Mrs Cronin was studying a spot midway between the floor and the table. Someone or something engaged her attention. Mrs Gallagher was not an imaginative woman but she too looked at that black shadow in the angle of the dining-room door, half expecting to see the departed Mr Cronin in his chair, his head bent down and his foot perked up, his two hands pulling, pulling.
‘Don’t you hear it?’ whispered Mrs Cronin, for now she listened to the unmistakable sound of sobbing. She started forward in terror, convinced it was her child far away in Connemara. That instant there came a muffled thud from overhead. The lamp above the table leapt on its chain.
‘It’s only Miss Olivia,’ said Mrs Gallagher. ‘She’s always pitching over the poor furniture.’
 
; ‘Is it a fight?’ asked Mrs Cronin, as a second bump followed the first and the lamp swung back and forth.
‘She’s not a married woman,’ Mrs Gallagher said. ‘She lives with her sister.’ She stared upward and murmured, ‘They’ve both come down in the world.’
Mrs Cronin thought it might not be long, judging from the commotion, before they came down even further.

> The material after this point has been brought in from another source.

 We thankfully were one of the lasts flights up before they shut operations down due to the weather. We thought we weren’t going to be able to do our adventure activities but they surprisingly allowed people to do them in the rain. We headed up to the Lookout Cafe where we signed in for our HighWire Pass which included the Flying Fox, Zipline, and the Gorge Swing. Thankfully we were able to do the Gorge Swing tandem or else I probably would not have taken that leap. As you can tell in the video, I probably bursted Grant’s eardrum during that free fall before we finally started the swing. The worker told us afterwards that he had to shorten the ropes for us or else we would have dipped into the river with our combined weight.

It was too dark to tell whether the plaster was flaking off the ceiling.
‘They were born into wealth,’ said Mrs Gallagher. ‘Then they were reduced. A butcher in Dawson Street told me as much. They continue to dwindle. Only last month they gave up the back room which they had for sleeping in. While they had the use of it Miss Olivia did nothing but complain. She said the window frames were rotten and the walls was damp. Life, she told me, was nothing but chilblains and bronchitis and the room would be the death of her.’
‘I have to get out,’ Mrs Cronin admitted. ‘Left indoors I’d go mad.’ Mrs Gallagher agreed, though for days on end she never felt the need of stepping further than the back yard. She confided that last Sunday Miss Anne hadn’t gone to church and that Miss Olivia had made out it was because of her health.

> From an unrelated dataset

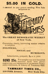 This is an original 1896 black and white print ad for The Tammany Times political publication. The address in the ad, 110 Fifth (5th) Ave, is an office building in the Flatiron District which was built as an office building for publishing houses and was later acquired by the New York Times.

‘Is she delicate then?’ asked Mrs Cronin.
‘Her boots is worn through,’ said Mrs Gallagher. From the same butcher in Dawson Street she had learnt that Miss Olivia, some years previously, had been dismissed from a situation in Blackrock, but her informant hadn’t been able to get his mind to the details. She herself knew only that Miss Anne was the more forthcoming of the two and that the older woman had a stingey disposition. When the boy carried the coals up of a morning didn’t she make him stand there while she counted the lumps in the scuttle?
‘That’ll be Miss Anne crying,’ she told her visitor. ‘She’s the sensitive one.’ She had once had an extraordinary conversation with the younger Miss Armstrong. They had met in the hall when Miss Anne was coming out of the dining-room after her tea. ‘Mrs Gallagher,’ Miss Anne had asked, ‘did you know that in winter in Upper Sackville Street, in the extreme depths of winter, the trees appear to be in leaf?’ ‘Well now, I did not,’ Mrs Gallagher replied. ‘The trees appear to be in bloom,’ Miss Anne had explained, ‘because the wag tails perch so thickly on the branches.’ Just then Miss Olivia had come out of the dining-room and Miss Anne had hurried off up the stairs.